Objective
We
reviewed the current literature regarding antiretroviral (ARV)-sparing therapy
strategies to determine whether these novel regimens can be considered
appropriate alternatives to standard regimens for the initial treatment of
ARV-naive patients or as switch therapy for those patients with virologically
suppressed HIV infection.
Methods
A
search for studies related to HIV dual therapy published from January 2000
through April 2014 was performed using Biosis, Derwent Drug File, Embase, International
Pharmaceutical Abstracts, Medline, Pascal, SciSearch, and TOXNET databases;
seven major trial registries, and the abstracts of major conferences. Using
predetermined criteria for inclusion, an expert review committee critically
reviewed and qualitatively evaluated all identified trials for efficacy and
safety results and potential limitations.
Results
Sixteen
studies of dual therapy regimens were critiqued for the ARV-naive population.

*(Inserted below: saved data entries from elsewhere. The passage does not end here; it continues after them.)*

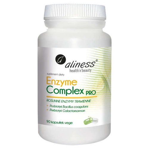 Enzyme Complex Pro od marki Aliness to kompleks bogaty w składniki wspierające układ trawienny, pokarmowy. Substancje naturalnego pochodzenia, otrzymane w procesie fermentacji wspierają trawienie m.in węglowodanów, białka i tłuszczy. Ponadto jako priobiotyk chroni jelita oraz żołądek przed nietolerowanymi, przyjmowanymi składnikami. Jako symbiotyk prebiotyku, probiotyku - składniki produktu wspomagają w prawidłowym funkcjonowaniu enzymów trawiennych. Produkt wolny od GMO, polecany szczególnie weganom i wegetarianom, ponieważ w produkcji suplementu wykorzystano wyłącznie składniki pochodzenia roślinnego.
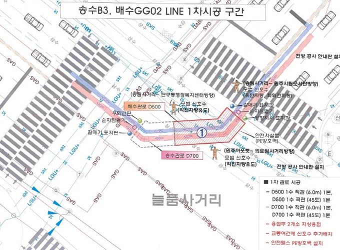 (포탈뉴스통신) 원주시상하수도사업소는 태장배수지 설치사업의 일환으로 진행되는 늘품사거리 교차로 구간 송배수관로 설치공사를 야간에 실시한다.
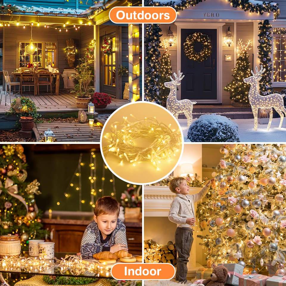 Guirlandes Lumineuses LED Blanc Chaud, Filaire à Brancher avec Câble Transparent, Scintillantes pour Décoration d'Arbre de Noël, Patio, Jardin, Mariage (Vente en Gros)
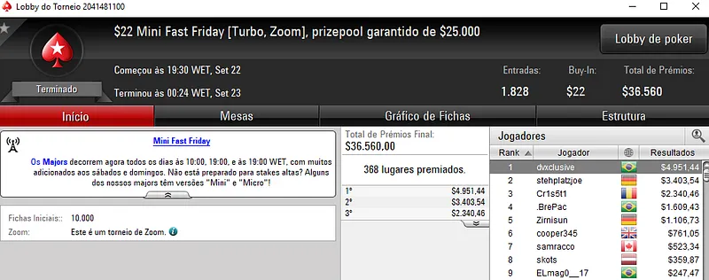 Um desses jogadores foi Pedro "PaDiLhA SP" Padilha que cravou o $215 Fast Friday [Early Edition, Tubo, Zoom], onde participaram 446 jogadores. O craque fez acordo no heads-up com o belga "baaftje01" e terminou faturando $14,777 de premiação.
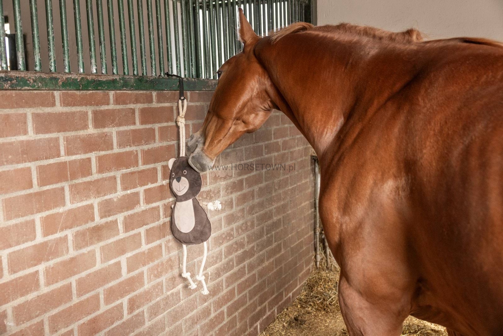 Zabawka wypełniona naturalnymi włóknami i posiadająca zamszowy pokrowiec, jest dobrą rozrywką dla koni w boksie lub w okresach ograniczonego ruchu. Doskonale sprawdza się jako materiał stymulujący aktywność źrebiąt.
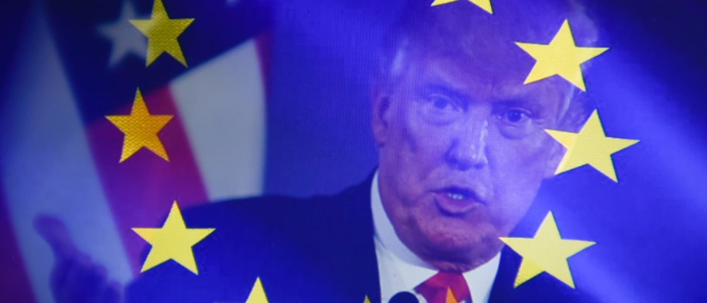 In this photo illustration, a double exposure images shows U.S. President Donald Trump against the EU flag.
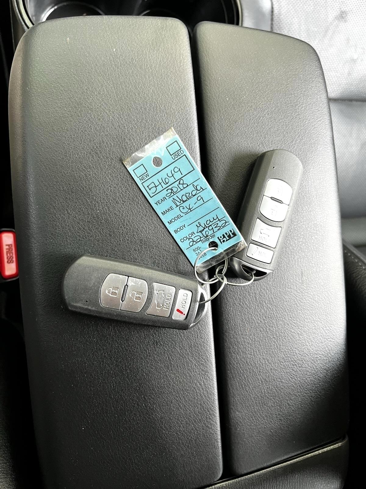 Machine Gray 2018 Mazda CX-9 Touring AWD 2.5L 4-Cylinder 6-Speed AutomaticAWD, 3rd row seats: bench, 4-Wheel Disc Brakes, 6 Speakers, ABS brakes, Aha Internet Radio, Air Conditioning, Alloy wheels, AM/FM radio, Auto-dimming Rear-View mirror, Automatic temperature control, Axle Ratio: 4.411, Brake assist, Bumpers: body-color, Compass, Delay-off headlights, Driver door bin, Driver vanity mirror, Dual front impact airbags, Dual front side impact airbags, E911 Automatic Emergency Notification, Electronic Stability Control, Emergency communication system: MAZDA CONNECT, Exterior Parking Camera Rear, Four wheel independent suspension, Front anti-roll bar, Front Bucket Seats, Front Center Armrest, Front dual zone A/C, Front reading lights, Fully automatic headlights, Garage door transmitter: HomeLink, Heated door mirrors, Heated Front Bucket Seats, Heated front seats, Illuminated entry, Infotainment System Voice Command, Leather Shift Knob, Leather steering wheel, Leather-Trimmed Seats, Low tire pressure warning, Occupant sensing airbag, Outside temperature display, Overhead airbag, Overhead console, Pandora Internet Radio, Panic alarm, Passenger door bin, Passenger vanity mirror, Power door mirrors, Power driver seat, Power Liftgate, Power passenger seat, Power steering, Power windows, Radio Broadcast Data System Program Information, Radio data system, Radio: AM/FM Sound System, Rain sensing wipers, Rear air conditioning, Rear anti-roll bar, Rear reading lights, Rear seat center armrest, Rear window defroster, Rear window wiper, Remote keyless entry, SMS Text Msg Audio Delivery & Reply, Speed control, Speed-sensing steering, Split folding rear seat, Spoiler, Steering wheel mounted audio controls, Stitcher Internet Radio, Tachometer, Telescoping steering wheel, Tilt steering wheel, Traction control, Trip computer, Turn signal indicator mirrors, Variably intermittent wipers, Wheels: 18" x 8"J Aluminum Alloy, AWD.
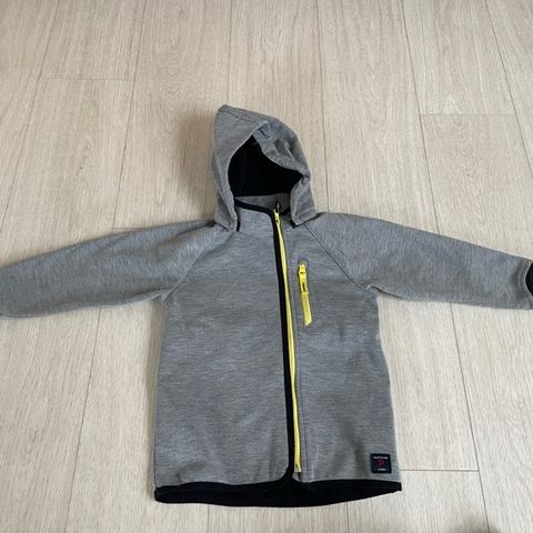 Ihana harmaa/musta +keltaiset somisteet softshell/windfleece/välikausitakki merkiltä Polarn O. Pyret. Käytetty, pieniä käytönjälkiä löydettävissä; hihansuuresoreiden kiinnitys saumassa hihojen alapuolella sauman paksussa kohdassa kuluneet kohdat (viimeinen kuva). (Jäävät käytössä hihan alapuolelle l. eivät juurikaan näy.) Nimikointitarrasta jäänyt liimajälki sisäpuolella kokonumerolapussa. Pientä kulumaa, nyppyä etureunan huolittelunauhassa. Ei ikitahroja, tms. Mielestäni ihan käyttökelpoinen seuraavalle!
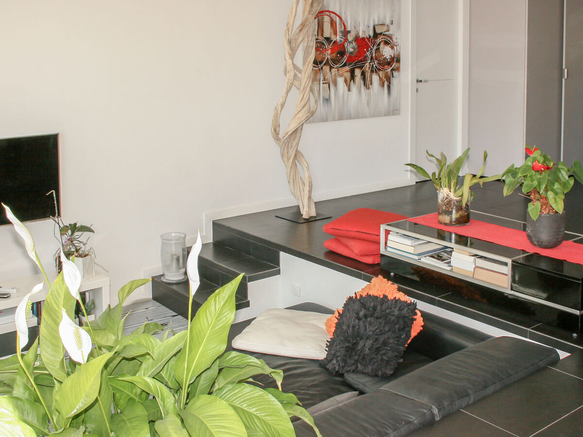 Clair, aménagement confortable et moderne: séjour/salle à manger avec baie vitrée avec TV et écran plat.
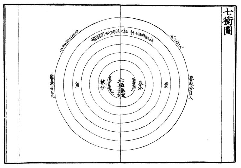 规矩体现着阴阳,那么以此决定的建筑法式也就必然具有阴阳两种。《周髀算经》卷上同时载有一幅“七衡六间图”,七衡的比例呈等差之量。很明显,如果周髀圆方与方圆二图合之构成等比之法,那么其与“七衡六间图”所呈现的等差之量就形成了中国传统建筑的两种法式,这两种法式作为中国古代建筑之标准法式完美地体现着阴阳的思想,其中等比之差为阳,等差之均为阴。发现于陕西西安的唐代圜丘遗址呈四层圆坛结构,内三圆等比为阳,外三圆等差为阴,综合阴阳两种法式于一体,巧妙地表现了天垂象以生万物的阴阳观念。
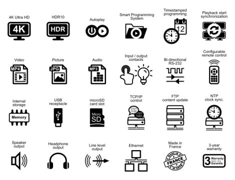 Amikor a lejátszót bekapcsoljuk, pontosan végrehajtja az előre megírt forgatókönyvet. Vezérelhetjük a készüléket Ethernet segítségével, lejátszhatjuk a tartalmat egy pontosan meghatározott időben, irányíthatjuk a lejátszást a nyomógombok vagy érzékelők használatával és számos készüléket alkalmazhatunk egyidejűleg a szinkronizálási funkcióknak hála.

Studies of a protease inhibitor/ritonavir in combination with the integrase
inhibitor raltegravir or the nucleoside reverse transcriptase inhibitor
lamivudine provided the most definitive evidence supporting a role for dual
therapy. In particular, lopinavir/ritonavir or darunavir/ritonavir combined
with raltegravir and lopinavir/ritonavir combined with lamivudine demonstrated
noninferiority to standard of care triple therapy after 48 weeks of treatment.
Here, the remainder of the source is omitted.